Im Zweifel sollte daher erst keine Diskussion mit der Gegenseite über das „Ob“ einer Unterlassungserklärung geführt werden.

Denn solange keine Unterlassungserklärung abgegeben ist, kann sich der abmahnende Anwalt den Verstoß im Wege einer einstweiligen Verfügung durch das Gericht bestätigen lassen. Das kann teuer werden!

Daher sollte, so mein Rat, unbedingt innerhalb der gesetzten Frist reagiert werden und durch einen fachkundigen Anwalt die Abmahnung geprüft werden. Kommt dieser zu dem Schluss, dass eine Unterlassungserklärung ratsam ist, sollte zumindest eine modifizierte Unterlassungserklärung abgegeben werden. Mögliche Schadensersatzansprüche kann man dann später immer noch diskutieren.

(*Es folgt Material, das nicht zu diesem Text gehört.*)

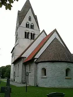 Außen dominiert der stattliche Galerieturm mit seinen spitzen Gieben und den mit Säulen versehenen Schallöffnungen in drei Ebenen, der durch eine kurze, achteckige Turmspitze gekrönt wird. Die Langhausfassade wird von einem Rundbogenfries geschmückt. Von den drei Rundbogenportalen der Kirche ist das Nordportal des Turmes das größte und am meisten ausgearbeitete. Die Fenster sind verändert worden und neue Fenster sind im 19. Jahrhundert hinzugekommen. Das Langhaus ist von innen durch vier Gewölbe gedeckt, im Osten Kreuzgewölbe und im Westen sogenannte Muschelgewölbe. Sie werden von einer Mittelsäule mit einem Kapitell, das mit Ornamenten geschmückt ist, getragen. Eine schmale rundbogige Maueröffnung führt zum Chor. Von interesse ist eine Nische in der Südmauer der Apsis, in deren Türen Runenschrift von ungefähr 1300 geritzt ist. In dem Westfenster des Turmraums gibt es Reste einer Glasmalerei vom Anfang des 14. Jahrhunderts. Die Kirche wurde 1955 nach Plänen des Architekten Olle Karth restauriert.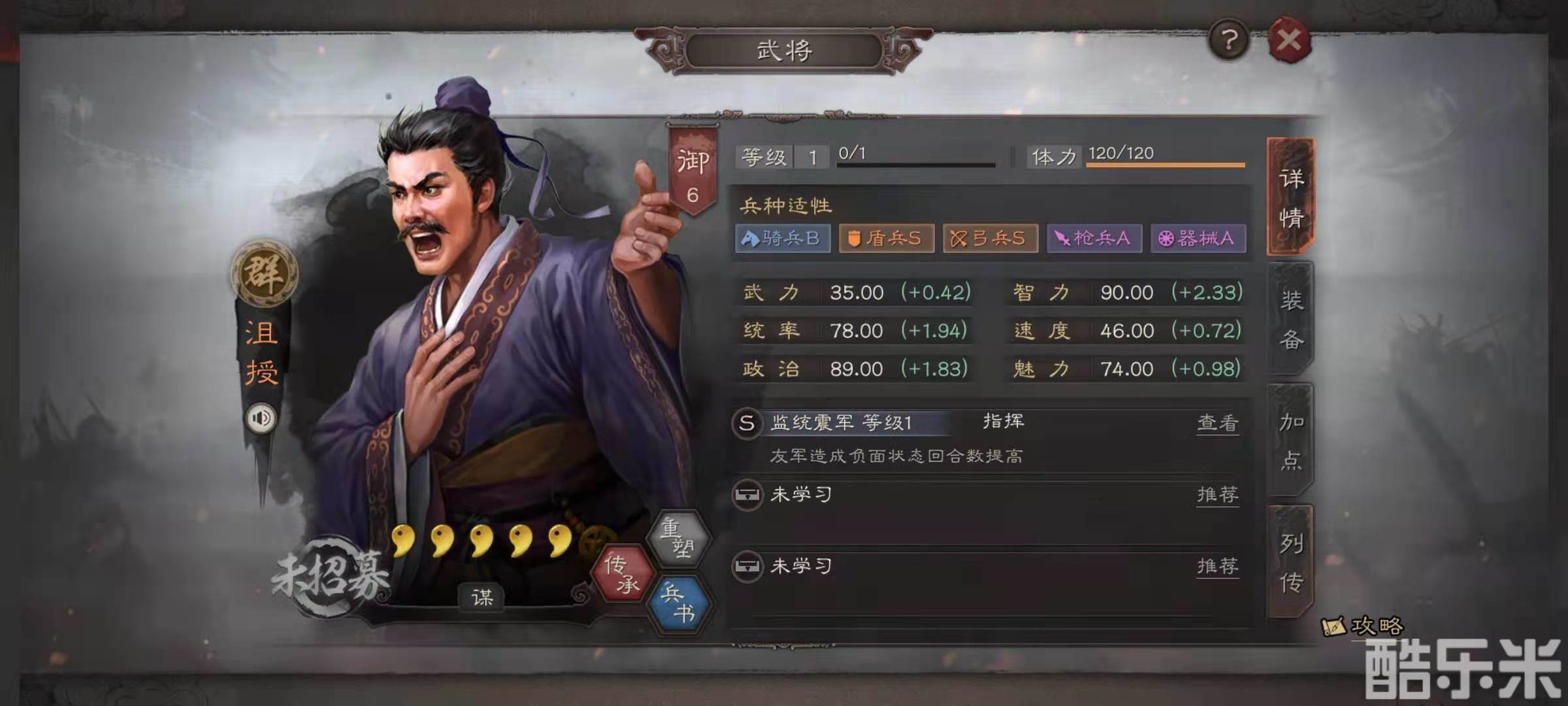 阵容中的另一名武将一般选择的是沮授,沮授的智力很高,自带的战法监统震军效果是当友军造成负面状态的时候,可以增加负面状态的持续时间,还能造成谋略伤害,如果敌方没有负面状态。沮授还可以转化为回血能力。沮授的这个技能对袁绍的加成很大,进一步提高了灼烧造成的伤害。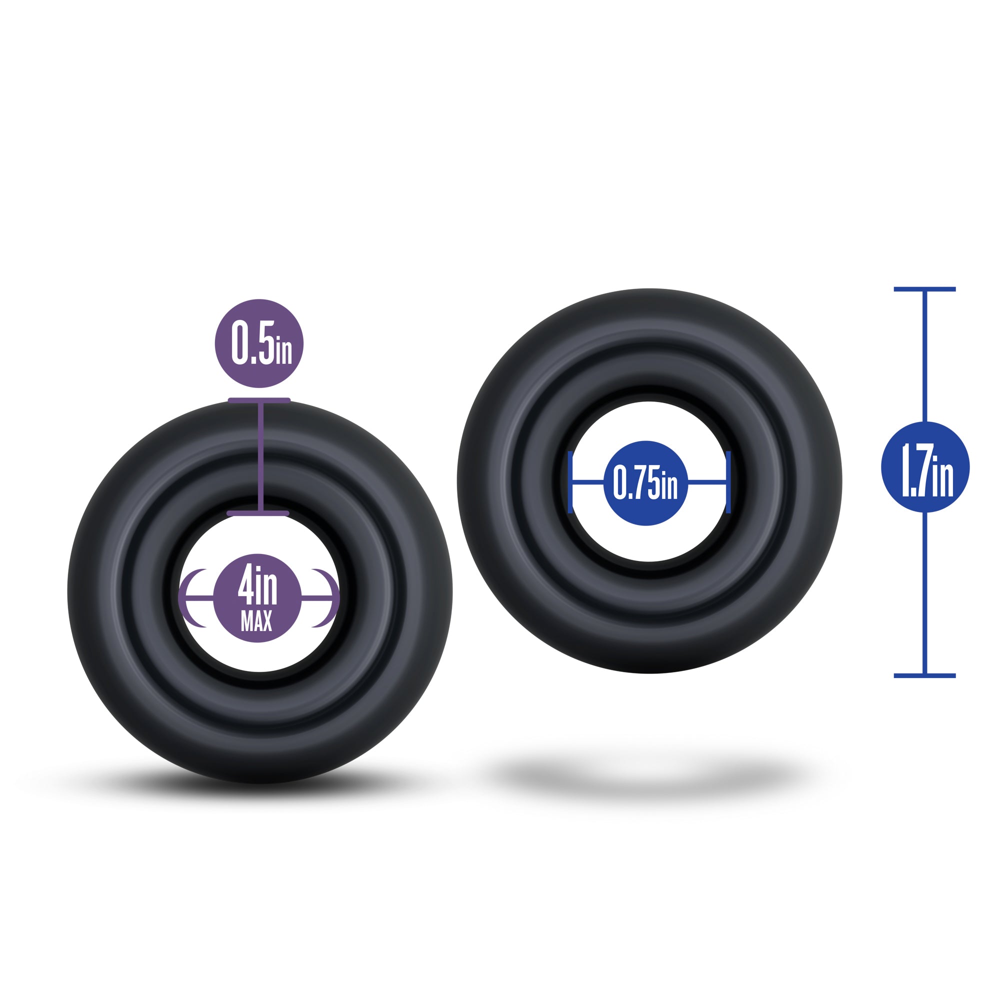 Perform like the stud you are! These Stay Hard Rings are a simple seductive add on to prolong your erection so you can prolong your sessions with your partner! Stay Hard cock rings provide amazing benefits as these can be used around the shaft or both the shaft and testicles to increase both your size and stamina. 33% thicker than our regular Donut rings so they aid in improving your stamina even more! Made from our proprietary blend of super stretchy Elastomer for your safety and hygiene during your intimate play. So pick up this Elastomer Donut Ring set by Blush tonight, you and your partner will love your bigger, harder erection that lasts longer!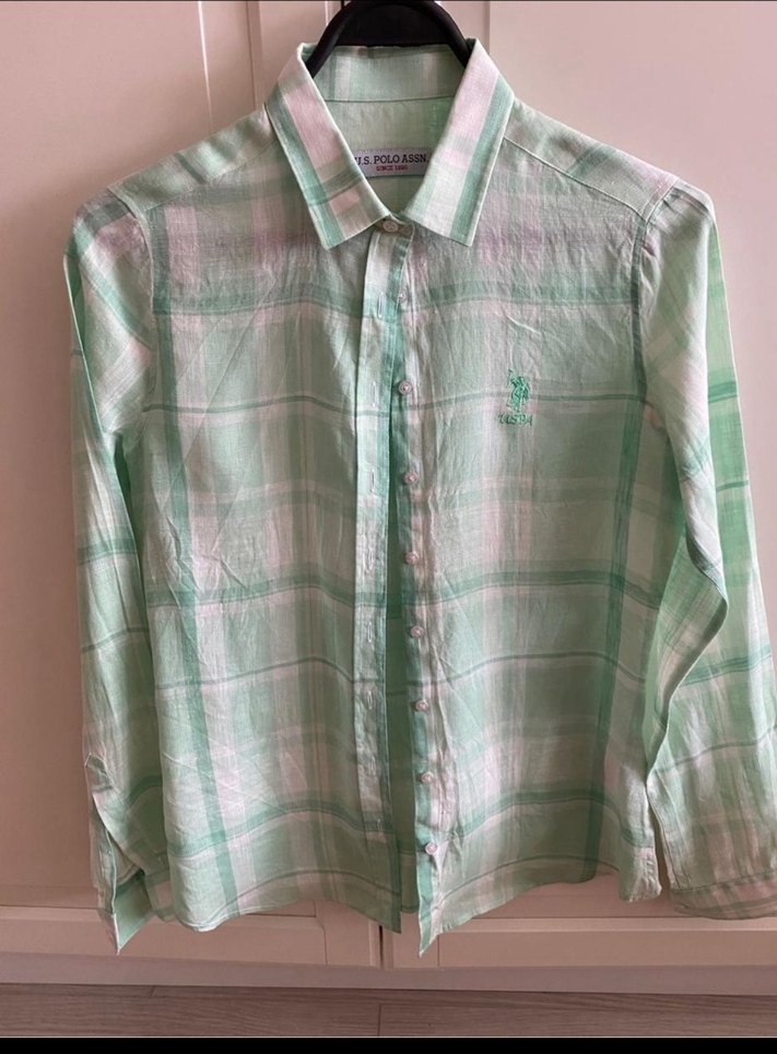 Uzun kollu, düğmeli, yakalı kadın gömleği. Hafif keten kumaştan, regular fit, pastel yeşil tonlarda batik desenli, günlük sokak stiline uygun.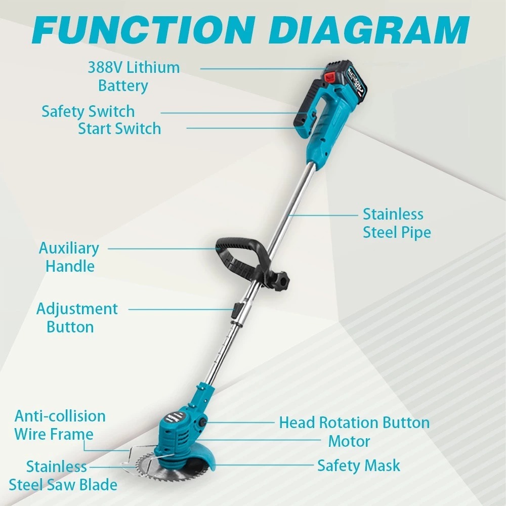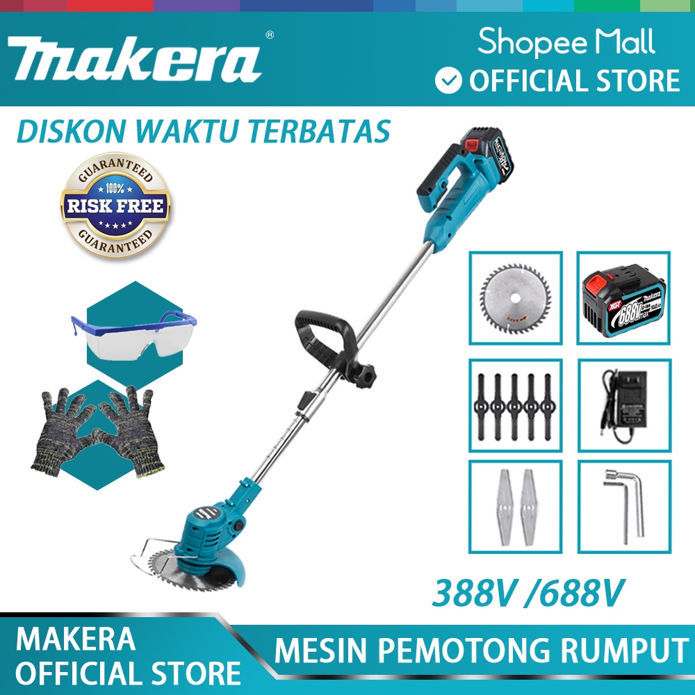 MAKERA 688V MESIN POTONG RUMPUT PEMOTONG RUMPUT LISTRIK PEMANGKAS RUMPUT DENGAN BATERAI LI-ION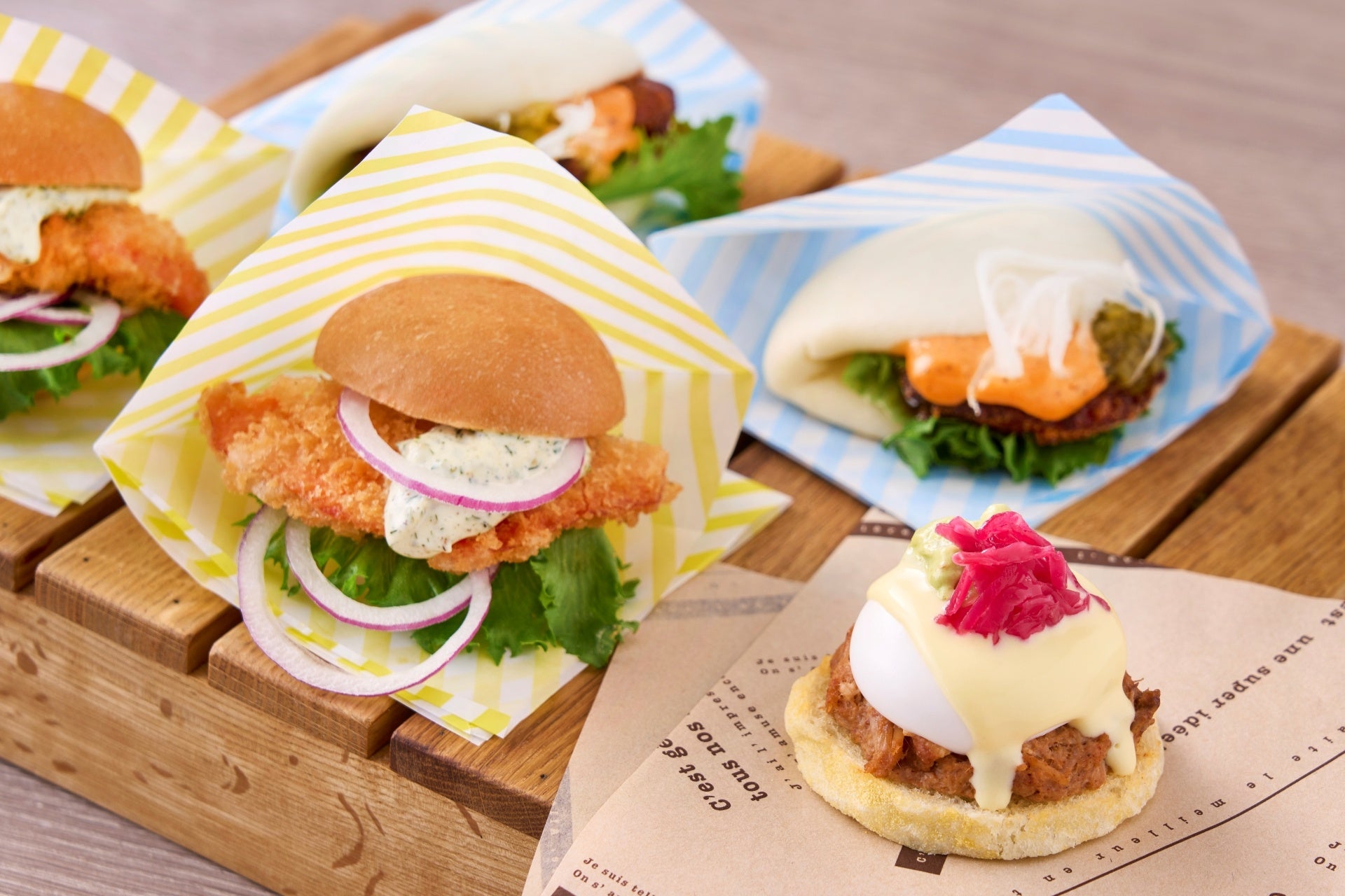 新シグネチャーメニューの「バーガー三種」(朝食)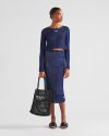 This crochet tote bag with a soft, deconstructed design boasts a light and summery mood. A new interpretation of Prada’s emblematic triangle decorates the front and is embellished at its center with the embroidered lettering logo.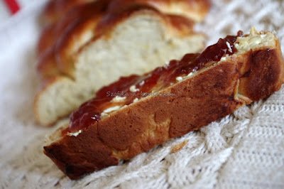 Folyamatosan figyeljük a kalácsot, elég hamar elkezd pirulni a teteje. Én 10 perc után meg is fordítottam, mert a belső fele szép piros volt, a külseje viszont még nem. 22 perc után beleszúrtam egy hústűt, a tészta nem bizonyult nyersnek, így el is zártam a sütőt és néhány perc után fel is vágtam a kalácskát. Vajjal, mézzel, lekvárral, vagy csak úgy magában, reggelire, uzsonnára, nasinak, bárhogy jöhet. Nálam indul a kalácsszerelem.:)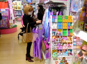 12月18日,一名女子在法国南部城市尼斯一家玩具店选购。(新华社发,塞尔热·阿乌齐摄)
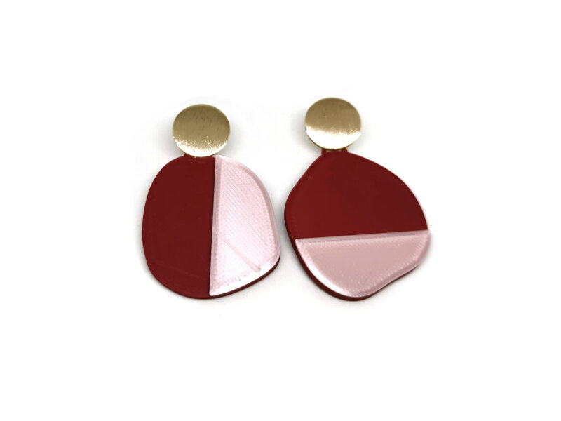 Gli orecchini sono stati disegnati in 3D con un programma di modellazione e stampati con una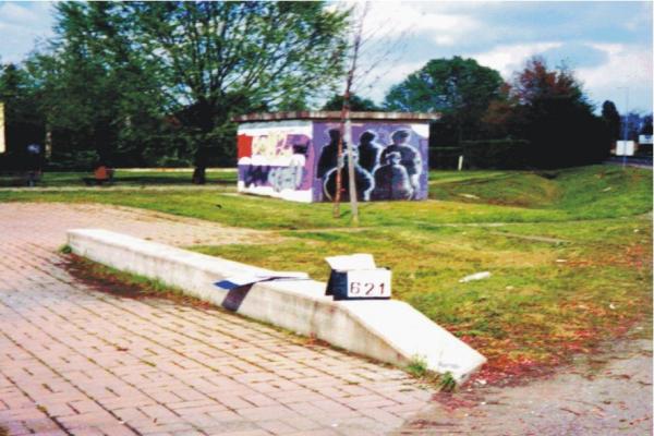 | materializzazione | Centrino metallico infisso sul cordolo del piccolo ponte situato all'interno del giardino pubblico, a fianco della tangenziale di Correggio, nei pressi di una cabina ENEL. |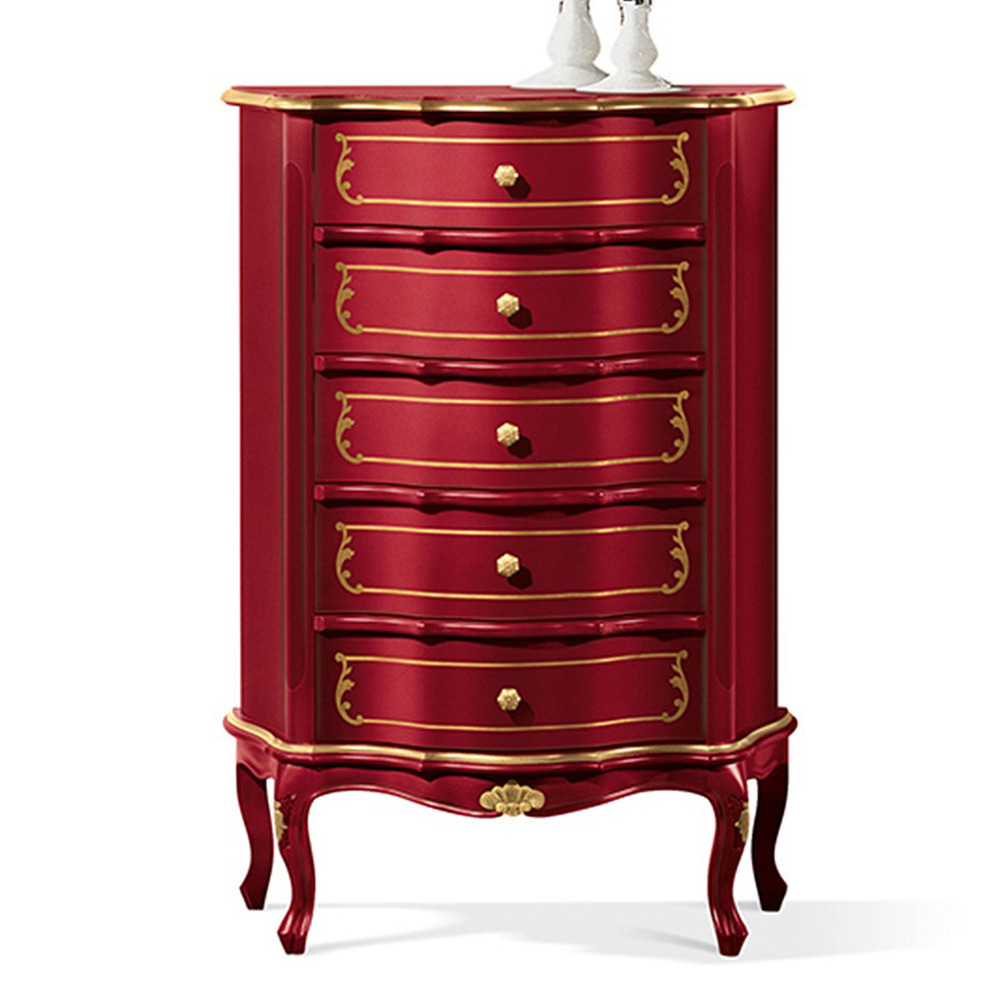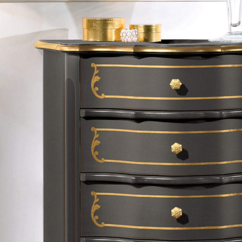 Classic style bedroom chest of drawers with 5 drawers made of wood . Ideal to give elegance to any environment in which it is placed, this chest of drawers is available in four different finishes to better adapt to every furnishing need. A unique and refined complement, completely made in Italy by skilled master craftsmen , masters of art who finish each complement with wisdom and taste for elegance. The production is carried out using fine materials , and performing the workbyhand with the utmost care and professionalism that distinguishes Made in Italy products.

Nichtabgabe einer Unterlassungserklärung

abmahnung
Bild: Hoesmann

Abmahnende Anwälte prüfen in der Regel, ob der Anspruch auch tatsächlich gegeben ist. Unberechtigte Abmahnungen sind, so auch unsere Erfahrung aus mehreren 1000 Abmahnverfahrenren, sehr selten. Daher ist in aller Regel an einem behaupteten Verstoß gegen das Urheberrecht oder Wettbewerbsrecht auch etwas dran. Gleichwohl gibt es natürlich immer wieder Fälle, in denen eine Abmahnung tatsächlich zu Unrecht ausgesprochen worden ist. In diesem Fall raten wir unseren Mandanten dazu, keine Unterlassungserklärung abzugeben und gegebenenfalls sogar Gegenansprüche gegen den Abmahnenden geltend zu machen.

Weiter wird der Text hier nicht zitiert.